In our presentation, we leverage information from investigation and characterization work at several Per-and polyfluoroalkyl substances (PFAS) impacted sites to highlight key components, approaches, and tools that should be considered during Remedial Investigations (RIs) for developing robust conceptual site models (CSMs). PFAS are a class of over 3,000 chemicals that have been measured in various environmental media and threaten human health (via consumption of contaminated drinking water and fish) and ecological receptors as PFAS are known to bioaccumulate in the food web.
In response to exposure risks from PFAS, several recent environmental regulations have been enacted or proposed. The United States Environmental Protection Agency (USEPA) has designated perfluorooctanoic acid (PFOA) and perfluorooctane sulfonic acid (PFOS) as CERCLA hazardous substances and established Maximum Contaminant Levels (MCLs) for currently five PFAS along with MCLs based on Hazard Index of 1 for PFAS mixtures. Under the Clean Water Act, the USEPA has proposed ambient water quality criteria for PFOA and PFOS along with also proposing to regulate PFAS discharges to surface water under the National Pollutant Discharge Elimination System (NPDES). Additionally, some states have placed fish consumption advisories on severely affected aquatic environments and also established stringent surface water regulatory criteria. These current and impending regulations will necessitate remedial actions to mitigate PFAS impacts in environmental media (groundwater, soil, surface water and sediment).

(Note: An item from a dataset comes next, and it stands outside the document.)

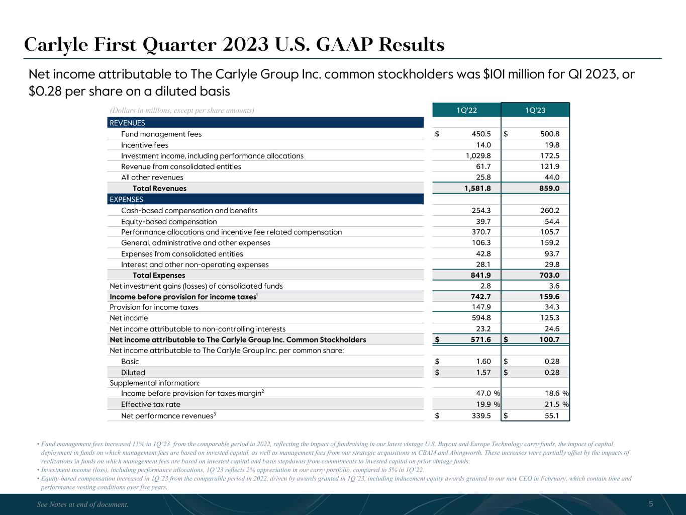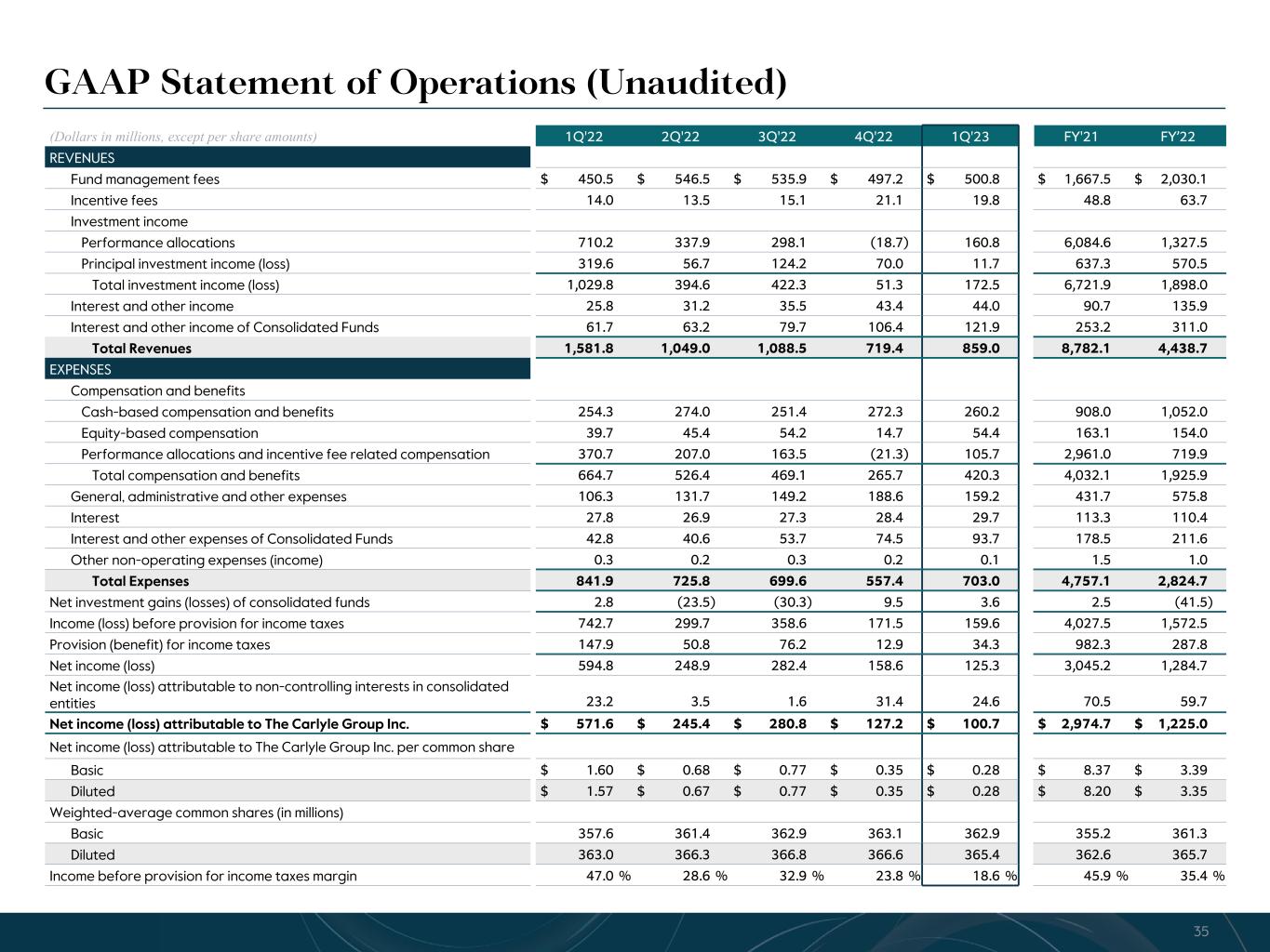 R-14 7 G-19 5 B-19 7 R-88 G-15 9 B-16 5 R-13 6 G-18 0 B-83 R-16 3 G-14 3 B-18 7 R-0 G-74 B-13 6 R-18 5 G-21 1 B-15 3 R-11 8 G-92 B-15 0 R-22 0 G-22 1 B-23 2 R-14 0 G-14 1 B-15 2R-12 0 G-16 9 B-22 2 Old Colors R-88 G-89 B-91 58595B R-23 G-234 B-234 EAEAEA R-208 G-232 B-247 D0E8F7 R-65 G-64 B-66 414042 R-8 G-51 B-94 08335E R-167 G-169 B-171 A7A9AB R-9 G-102 B-112 096670 R-220 G-221 B-222 DCDDDE R-97 G-161 B-224 61A1E0 R-237 G-217 B-157 EDD99D R-147 G-195 B-197 93C3C5 GAAP Statement of Operations (Unaudited) (Dollars in millions, except per share amounts) 1Q'22 2Q'22 3Q'22 4Q'22 1Q'23 FY'21 FY’22 REVENUES Fund management fees $ 450.5 $ 546.5 $ 535.9 $ 497.2 $ 500.8 $ 1,667.5 $ 2,030.1 Incentive fees 14.0 13.5 15.1 21.1 19.8 48.8 63.7 Investment income Performance allocations 710.2 337.9 298.1 (18.7) 160.8 6,084.6 1,327.5 Principal investment income (loss) 319.6 56.7 124.2 70.0 11.7 637.3 570.5 Total investment income (loss) 1,029.8 394.6 422.3 51.3 172.5 6,721.9 1,898.0 Interest and other income 25.8 31.2 35.5 43.4 44.0 90.7 135.9 Interest and other income of Consolidated Funds 61.7 63.2 79.7 106.4 121.9 253.2 311.0 Total Revenues 1,581.8 1,049.0 1,088.5 719.4 859.0 8,782.1 4,438.7 EXPENSES Compensation and benefits Cash-based compensation and benefits 254.3 274.0 251.4 272.3 260.2 908.0 1,052.0 Equity-based compensation 39.7 45.4 54.2 14.7 54.4 163.1 154.0 Performance allocations and incentive fee related compensation 370.7 207.0 163.5 (21.3) 105.7 2,961.0 719.9 Total compensation and benefits 664.7 526.4 469.1 265.7 420.3 4,032.1 1,925.9 General, administrative and other expenses 106.3 131.7 149.2 188.6 159.2 431.7 575.8 Interest 27.8 26.9 27.3 28.4 29.7 113.3 110.4 Interest and other expenses of Consolidated Funds 42.8 40.6 53.7 74.5 93.7 178.5 211.6 Other non-operating expenses (income) 0.3 0.2 0.3 0.2 0.1 1.5 1.0 Total Expenses 841.9 725.8 699.6 557.4 703.0 4,757.1 2,824.7 Net investment gains (losses) of consolidated funds 2.8 (23.5) (30.3) 9.5 3.6 2.5 (41.5) Income (loss) before provision for income taxes 742.7 299.7 358.6 171.5 159.6 4,027.5 1,572.5 Provision (benefit) for income taxes 147.9 50.8 76.2 12.9 34.3 982.3 287.8 Net income (loss) 594.8 248.9 282.4 158.6 125.3 3,045.2 1,284.7 Net income (loss) attributable to non-controlling interests in consolidated entities 23.2 3.5 1.6 31.4 24.6 70.5 59.7 Net income (loss) attributable to The Carlyle Group Inc. $ 571.6 $ 245.4 $ 280.8 $ 127.2 $ 100.7 $ 2,974.7 $ 1,225.0 Net income (loss) attributable to The Carlyle Group Inc. per common share Basic $ 1.60 $ 0.68 $ 0.77 $ 0.35 $ 0.28 $ 8.37 $ 3.39 Diluted $ 1.57 $ 0.67 $ 0.77 $ 0.35 $ 0.28 $ 8.20 $ 3.35 Weighted-average common shares (in millions) Basic 357.6 361.4 362.9 363.1 362.9 355.2 361.3 Diluted 363.0 366.3 366.8 366.6 365.4 362.6 365.7 Income before provision for income taxes margin 47.0 % 28.6 % 32.9 % 23.8 % 18.6 % 45.9 % 35.4 % 35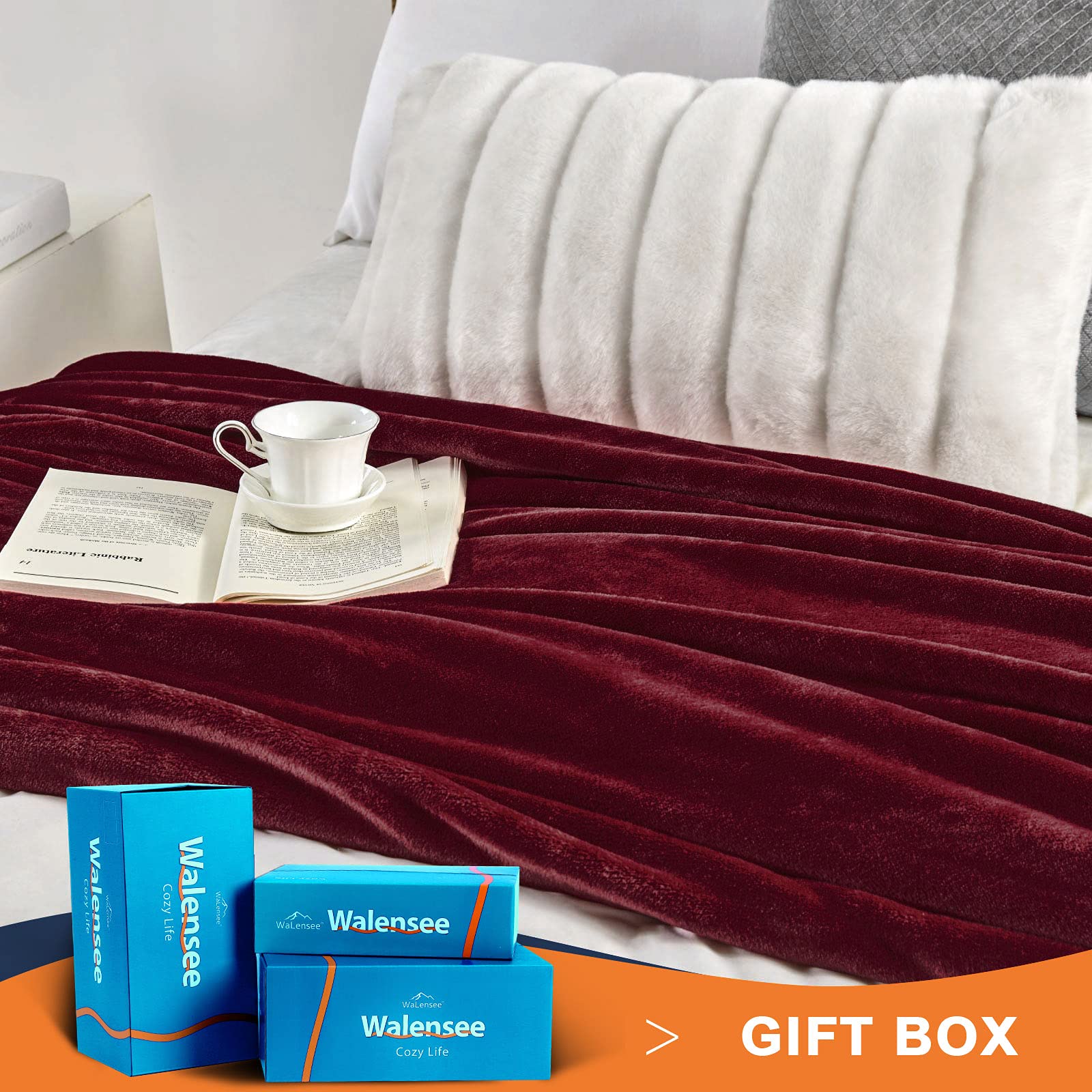 Walensee Burgundy Red Fleece Blanket Plush Throw Fuzzy Lightweight (Throw Size 50x60 Burgundy) Super Soft Microfiber Flannel Blankets for Couch, Bed, Sofa Ultra Warm and Cozy for All Seasons

PFAS can exhibit a wide range of behaviors depending on chemical properties, media composition, and geochemical factors. The understanding of the nature and extent as well as distribution and partitioning behavior of PFAS becomes an important element of remedial investigations and CSM development at Superfund sites. Because of their persistence and transport characteristics, PFAS in groundwater and surface water can travel great distances from release sources and ultimately impact drinking water sources. Several processes such as groundwater – surface water interaction (GSI), surface runoff, stormwater discharges, and groundwater infiltration into compromised storm sewer networks may be responsible for PFAS fate and transport at sites. Since PFAS migration can occur through multiple pathways, a comprehensive CSM that considers all potential fate and transport processes is critical to inform exposure risks and decision-making on remedial actions. A wholistic CSM evaluation from field investigations including assessments of PFAS fractionation in different environmental media and together with hydrogeology, geophysics, and flow measurements can help elucidate predominant transport pathways. We present observations and lessons learned on important PFAS migration mechanisms that should be investigated to develop accurate CSMs.
Poster presented at the 2025 Waste Management Symposia.